_Collected material:_

((

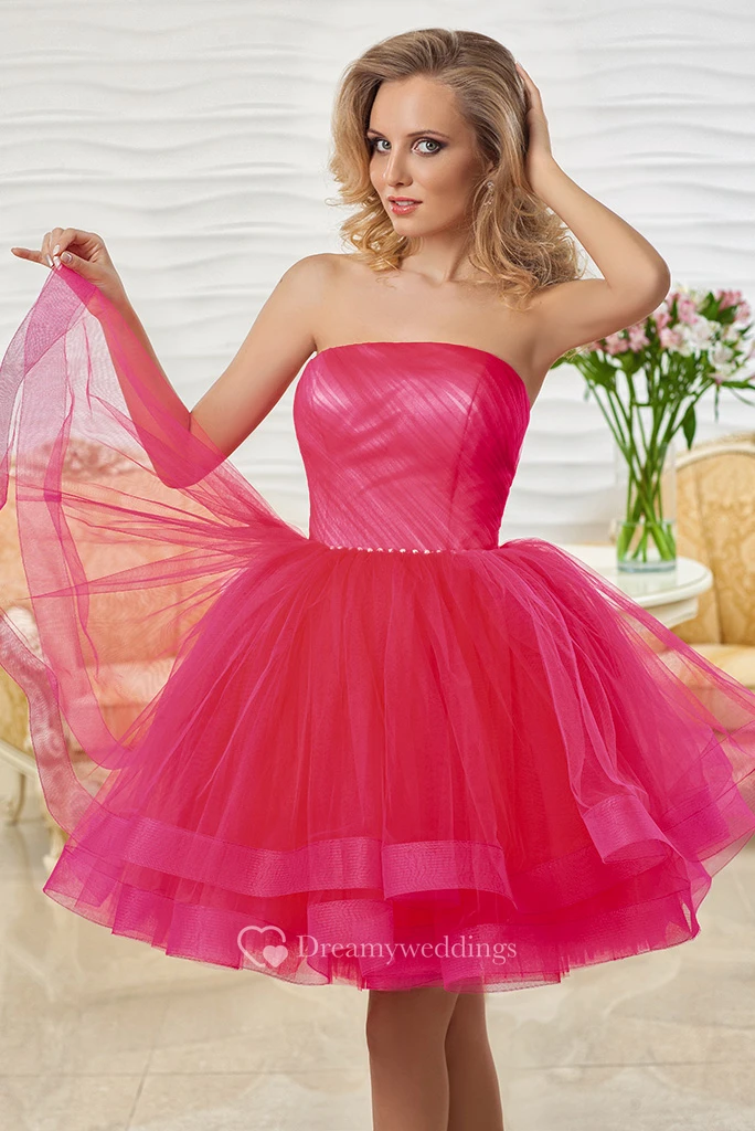 A Line Strapless Ruched Short Mini Sleeveless Tulle Prom Dress With Tiers
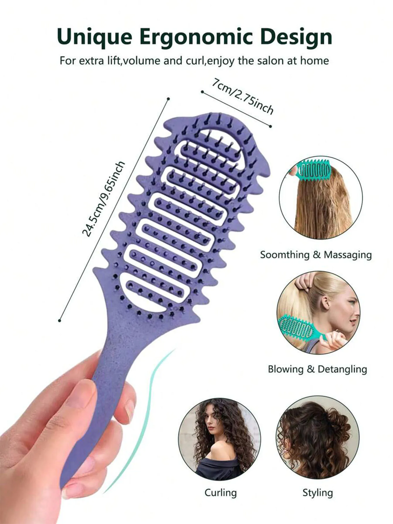 1. Effortless Hair Care: Achieve smooth and quick-drying hair effortlessly with this curl defining brush. It creates voluminous curls while minimizing hair breakage with its unique edge-shaped teeth that separate the strands effectively.
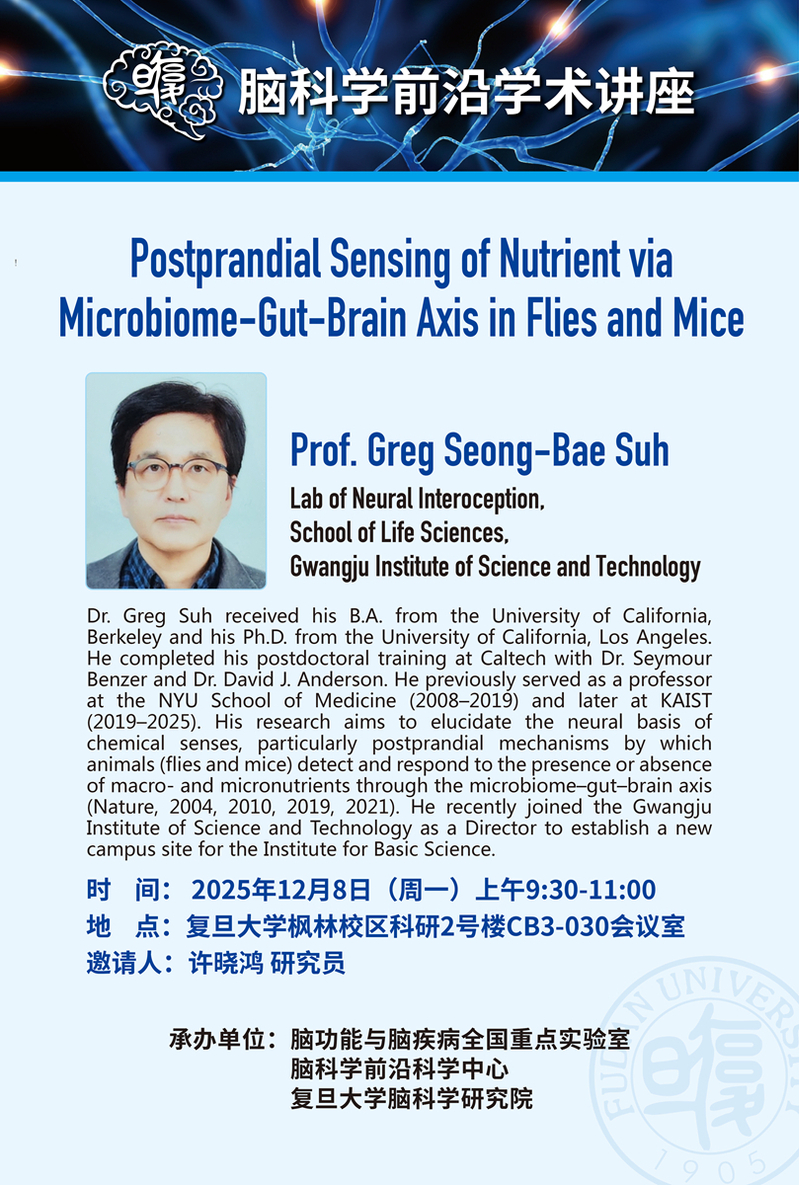 [讲座信息]Postprandial Sensing of Nutrient via Microbiome-Gut-Brain Axis in Flies and Mice

))

_Aim of the task:_ What this calls for is a word-for-word copy of the listing above, pictures excluded.

_Response box:_
 A Line Strapless Ruched Short Mini Sleeveless Tulle Prom Dress With Tiers
 1. Effortless Hair Care: Achieve smooth and quick-drying hair effortlessly with this curl defining brush. It creates voluminous curls while minimizing hair breakage with its unique edge-shaped teeth that separate the strands effectively.
 [讲座信息]Postprandial Sensing of Nutrient via Microbiome-Gut-Brain Axis in Flies and Mice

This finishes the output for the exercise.